Nathan berdiri, dia bergegas mendekati Marsha dan merangkul pinggangnya. Dia menatap tegas pada orang tuanya.


"Aku memutuskan, untuk tidak menceraikan Marsha!"


"Kamu tidak mendengar apa yang orang tuanya katakan? dia berkata tidak ingin berbesanan dengan kami!" Sentak Sofia.


"Aku dengar, tapi mereka tidak berkata tidak menginginkan ku menjadi menantunya bukan?"


Sofia dan Kenan merasa kaget dengan apa yang putranya mereka katakan. Keduanya menatap Aaron yang dengan santai berdiri menatap mereka berdua.


"Jika putra anda ingin berpisah, maka berpisahlah. Saya masih mampu membiayai anak dan cucu saya," ujar Aaron.

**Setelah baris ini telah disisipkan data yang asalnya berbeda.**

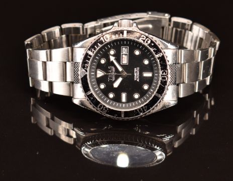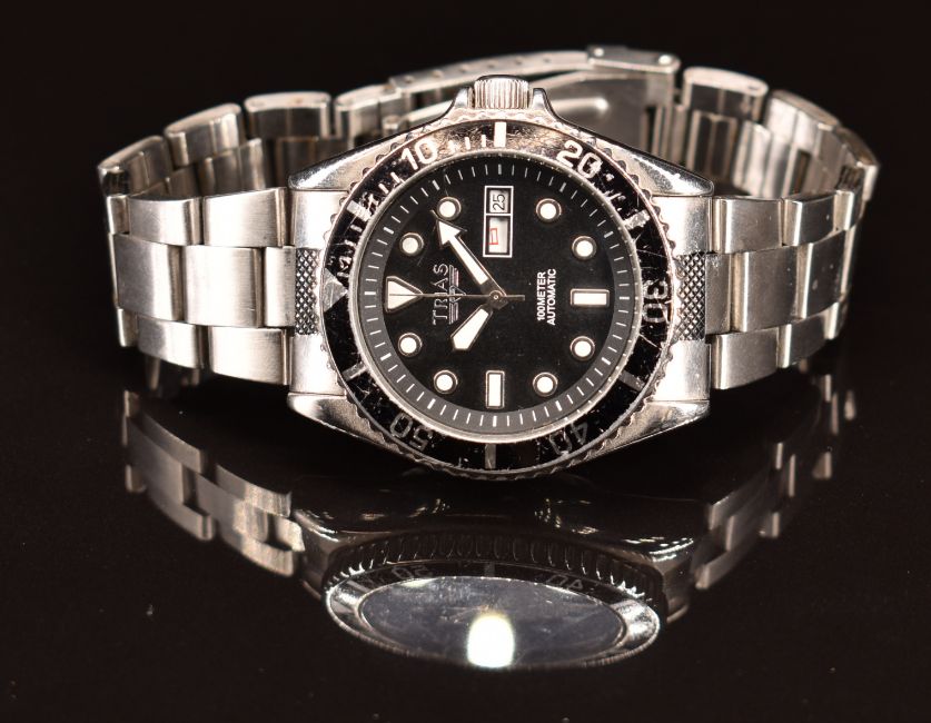 Trias gentleman's automatic diver's style wristwatch with day and date aperture, luminous hands and hour markers, black dial and bezel, stainless steel case, clear exhibition case back and signed movement, on stainless steel bracelet, case diameter 40mm.

"Enggak om! saya masih mau mempertahankan pernikahan ini! saya ingin Marsha yang menjadi istri saya!" Tegas Nathan.


"Aaron! putraku masih pelajar SMA, dia belum pantas menjadi seorang suami! apalagi ayah!" Seru Sofia. Membongkar fakta tentang putranya, dia ingin lihat. Bagaimana reaksi Aaron saat tahu putranya masih berumur delapan belas tahun.


Netra Aaron terbelalak, dia menatap Marsha meminta jawaban. Bagaimana dia bisa lupa, jika Marsha sudah lahir saat Sofia menikah.

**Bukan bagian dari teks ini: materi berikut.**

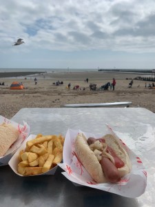 Eat your traditional beach day lunch – East Beach has a few little kiosks that sell chips, any fish you could possibly want, kids meals such as chicken nuggets, hot dogs, warm doughnuts, and more. There is also a cute little seating area on the beach with tables and chairs in case you didn’t bring your own. Eat up and enjoy the view…. Oh, and do not feed the seagulls because they will poop on you and scare a lot of people as they swarm over the entire seating area.

"Nathan ... Nathan masih delapan belas tahun dad." Cicit Marsha.


"APA? HEI! KAU! BAGAIMANA .... CK!!"


Sofia menatap Aaron dengan senyuman sinis, sementara Zeva. Dia bingung dengan kondisi yang tak sesuai rencana.


"Putramu menipuku!" Sentak Aaron.


"Om tak bertanya! aku tak menipumu!" Seru Nathan tak terima.

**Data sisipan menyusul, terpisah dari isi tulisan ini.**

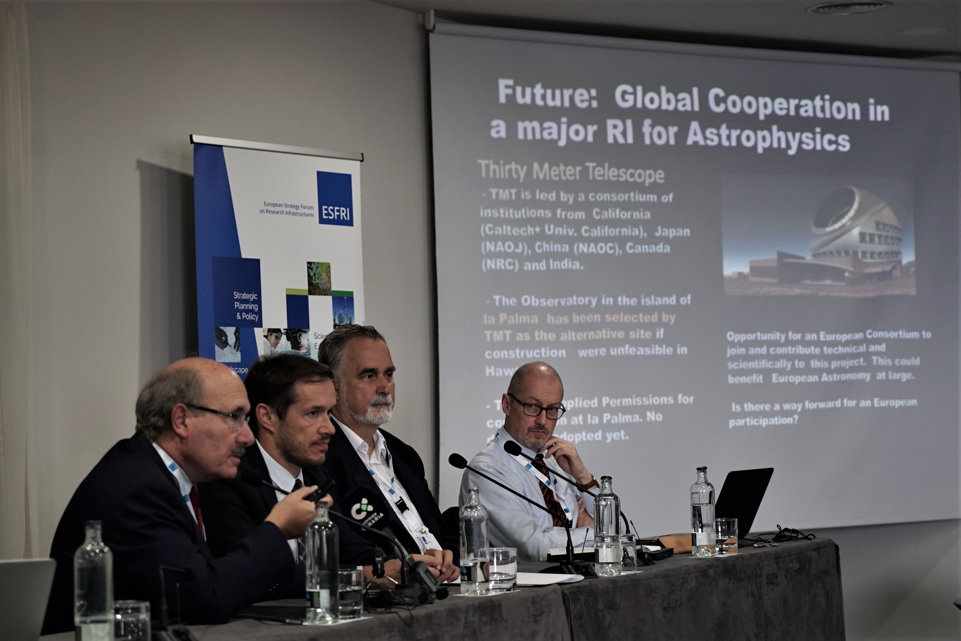 Sesión de apertura de la reunión ESFRI celebrada en La Palma. (De izquierda a derecha) Rafael Rebolo, Mariano Hernández Zapata, Jan Hrusak y Adam Tyson. Crédito: Iván Jiménez (IAC)

Marsha gerah dengan keadaan, dia melepaskan tangan Nathan dari pinggangnya dan manu mendekat pada orang tua Nathan.


"Om, tante ... saya tidak tahu ada masalah apa kalian dengan daddy saya. Saya dan Nathan, tak ada sangkut pautnya dengan masalah kalian. Saya yang salah, karena memaksanya melakukan hal itu tanpa pikir panjang."


"Keputusan, saya serahkan pada kalian. Jika memang, kalian meminta saya dan Nathan berpisah. Kami akan berpisah."


"Marsha!!" Nathan menatap tajam MArsha dengan mata yang memerah menahan amarah.


"Jadi, om dan tante ... bagaimana keputusan kalian?"